====== Source data
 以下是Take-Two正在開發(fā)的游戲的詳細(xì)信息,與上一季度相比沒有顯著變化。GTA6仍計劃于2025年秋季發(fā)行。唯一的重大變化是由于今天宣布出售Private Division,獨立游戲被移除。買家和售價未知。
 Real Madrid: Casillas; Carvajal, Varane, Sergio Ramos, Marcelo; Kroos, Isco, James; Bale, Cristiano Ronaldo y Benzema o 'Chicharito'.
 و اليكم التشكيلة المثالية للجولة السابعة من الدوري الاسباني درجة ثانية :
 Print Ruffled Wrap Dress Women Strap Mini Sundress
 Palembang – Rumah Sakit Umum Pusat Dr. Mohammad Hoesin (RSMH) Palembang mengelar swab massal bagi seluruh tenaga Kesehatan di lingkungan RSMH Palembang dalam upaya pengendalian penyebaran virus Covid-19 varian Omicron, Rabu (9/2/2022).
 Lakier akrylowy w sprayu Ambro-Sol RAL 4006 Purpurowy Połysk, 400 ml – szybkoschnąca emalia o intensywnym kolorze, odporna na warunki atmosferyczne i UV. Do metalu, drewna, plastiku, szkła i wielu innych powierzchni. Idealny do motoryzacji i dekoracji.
============
====== Source data
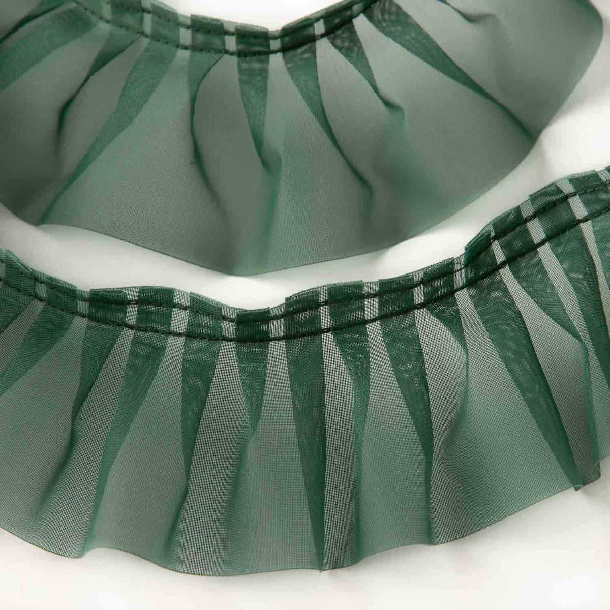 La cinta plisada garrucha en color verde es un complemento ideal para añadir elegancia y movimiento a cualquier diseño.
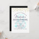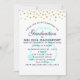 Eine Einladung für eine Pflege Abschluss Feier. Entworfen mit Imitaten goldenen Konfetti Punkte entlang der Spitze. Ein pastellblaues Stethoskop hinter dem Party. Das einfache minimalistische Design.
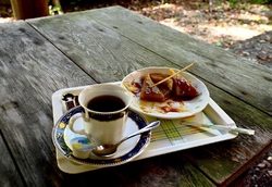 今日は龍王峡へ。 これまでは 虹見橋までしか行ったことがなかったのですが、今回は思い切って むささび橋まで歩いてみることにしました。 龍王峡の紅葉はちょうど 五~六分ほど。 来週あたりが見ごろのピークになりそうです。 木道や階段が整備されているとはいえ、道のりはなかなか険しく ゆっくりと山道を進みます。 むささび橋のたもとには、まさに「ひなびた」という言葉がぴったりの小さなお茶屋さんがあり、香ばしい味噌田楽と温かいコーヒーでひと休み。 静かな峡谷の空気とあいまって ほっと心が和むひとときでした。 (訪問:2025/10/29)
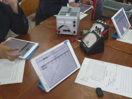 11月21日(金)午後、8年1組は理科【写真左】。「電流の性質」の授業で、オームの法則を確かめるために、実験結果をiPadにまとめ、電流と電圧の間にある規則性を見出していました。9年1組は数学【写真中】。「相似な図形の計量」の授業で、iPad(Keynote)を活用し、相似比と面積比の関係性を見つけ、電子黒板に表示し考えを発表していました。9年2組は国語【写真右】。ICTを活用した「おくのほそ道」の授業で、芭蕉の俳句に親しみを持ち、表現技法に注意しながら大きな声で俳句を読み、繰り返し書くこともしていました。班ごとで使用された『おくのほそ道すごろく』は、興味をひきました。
============
====== Source data
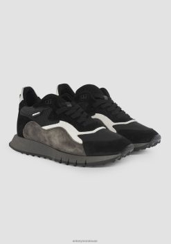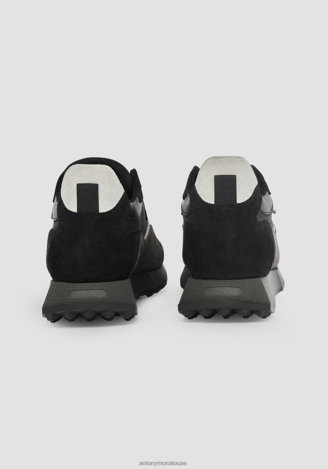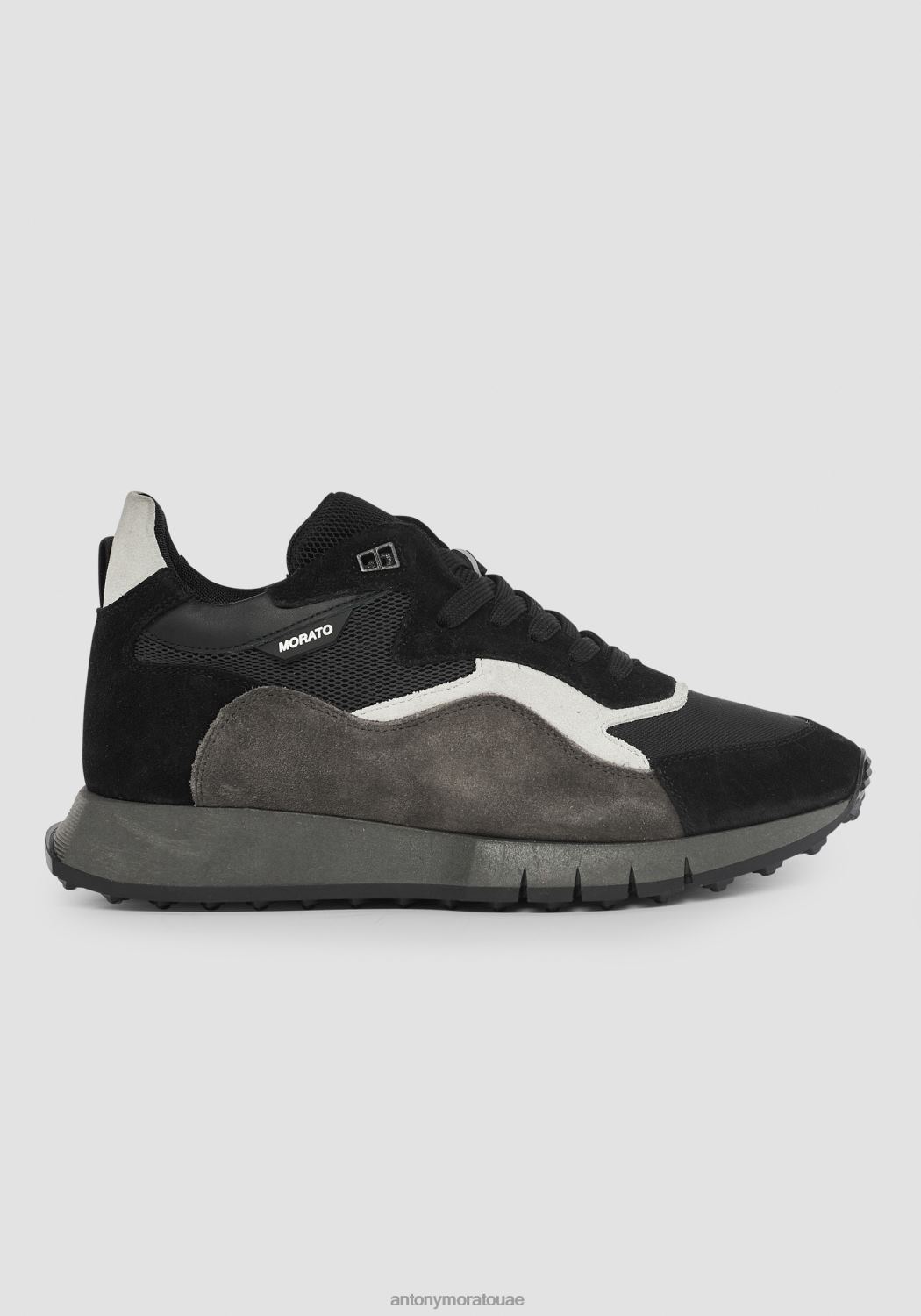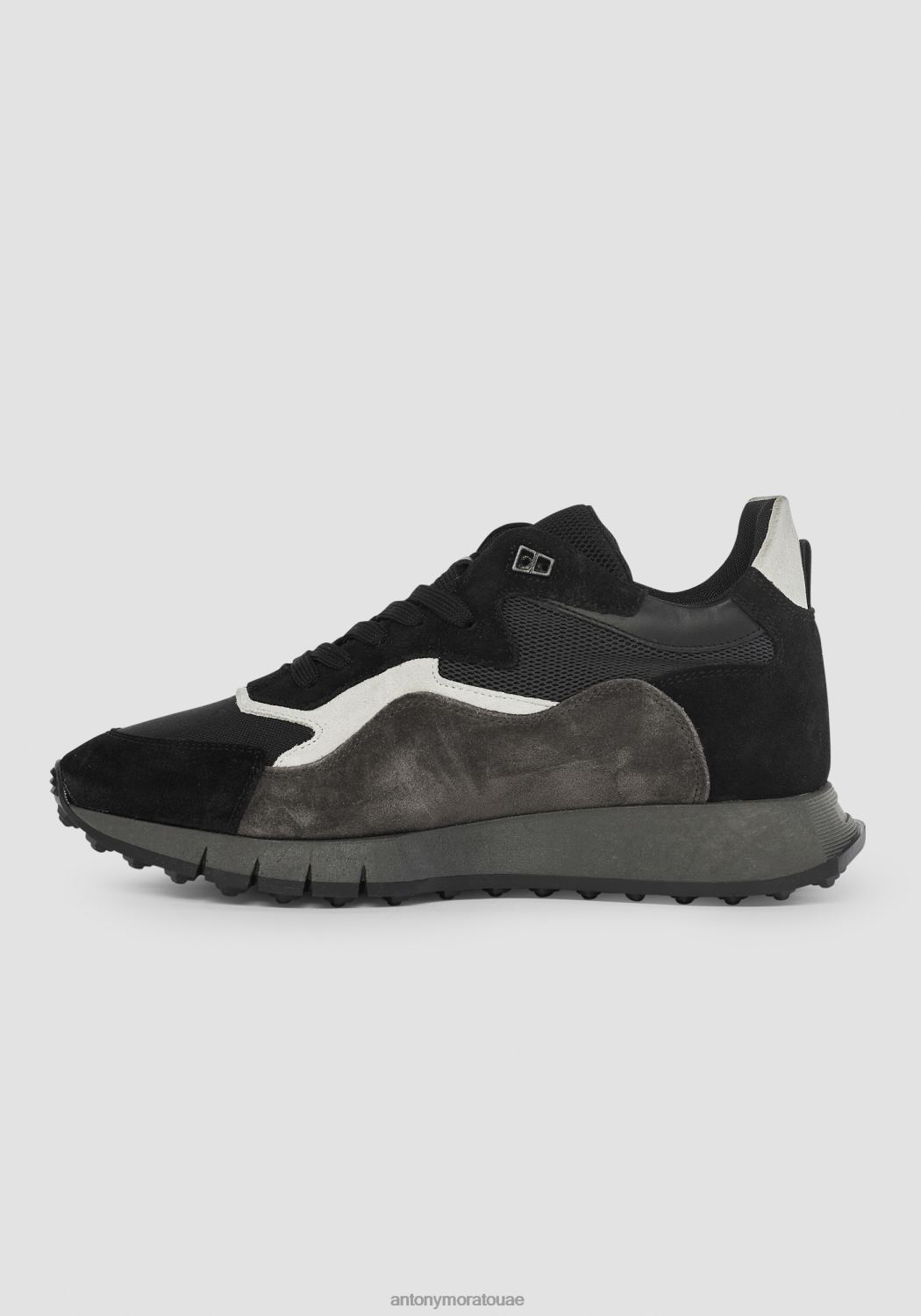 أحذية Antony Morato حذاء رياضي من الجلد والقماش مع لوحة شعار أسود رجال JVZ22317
============
* _Task_
Using the records above, write out exactly the lines between the one holding "Print Ruffled Wrap" and the one holding "Lakier akrylowy w", inclusive; leave everything else out.

* _Solution to this task_
 Print Ruffled Wrap Dress Women Strap Mini Sundress
 Palembang – Rumah Sakit Umum Pusat Dr. Mohammad Hoesin (RSMH) Palembang mengelar swab massal bagi seluruh tenaga Kesehatan di lingkungan RSMH Palembang dalam upaya pengendalian penyebaran virus Covid-19 varian Omicron, Rabu (9/2/2022).
 Lakier akrylowy w sprayu Ambro-Sol RAL 4006 Purpurowy Połysk, 400 ml – szybkoschnąca emalia o intensywnym kolorze, odporna na warunki atmosferyczne i UV. Do metalu, drewna, plastiku, szkła i wielu innych powierzchni. Idealny do motoryzacji i dekoracji.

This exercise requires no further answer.